Inside the Bitcoin Statue That Downed the Web’s Largest Child Abuse Site

As responses from the exchanges with these users’ identity information began pouring in, the team began the process of compiling more complete profiles of their targets. They began collecting the names, faces, and pictures of hundreds of men – almost all of them were men – from all walks of life, everywhere in the world. Their descriptions crossed the boundaries of race, age, class, and nationality. All of these individuals seem to share their gender and financial relationship with a global hidden haven for child abuse.
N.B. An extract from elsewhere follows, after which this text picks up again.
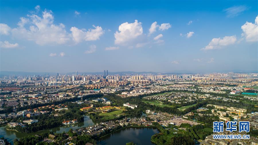 这是在云南民族村拍摄的美景与城市风光(8月15日无人机拍摄)。 昆明地处云南中部,是全省政治、经济、文化、教育、科研、社会事业发展中心和交通、通讯枢纽。由于温度、湿度适宜,日照长,霜期短,所以鲜花常年不谢,草木四季常青。 新华社记者 胡超 摄

By this time, the team felt they had installed the Korean site manager with confidence. They obtained a search warrant for Son Jong-woo’s Gmail accounts and several of his exchange records, and they could see that he alone appeared to receive the proceeds disbursed from the site – not his father, who increasingly appeared to investigators as an unintended participant, a kidnapped man. Son his identity to create accounts in cryptocurrency. In Son Jong-woo’s emails, they found pictures of the younger man for the first time — selfies he took to show his friends where he broke his tooth in a car accident, for example. He was a thin, unremarkable-looking young man with wide eyes and a mop of black hair that resembled the Beatles.

But as their profile of this official crystallized, so did the profiles of hundreds of other men who used the site. Security colleagues, he was an HSI client in Texas. Another, they saw with a different kind of awe, was the assistant principal of a Georgia high school. The principal posted videos of himself on social media singing two-way, karaoke-style, with tweens from his school. Otherwise, the videos could have been viewed as innocent. But given what they know about the man’s bitcoin payments, agents with more experience abusing Janczewski’s children have warned that they may reflect some form of personal care.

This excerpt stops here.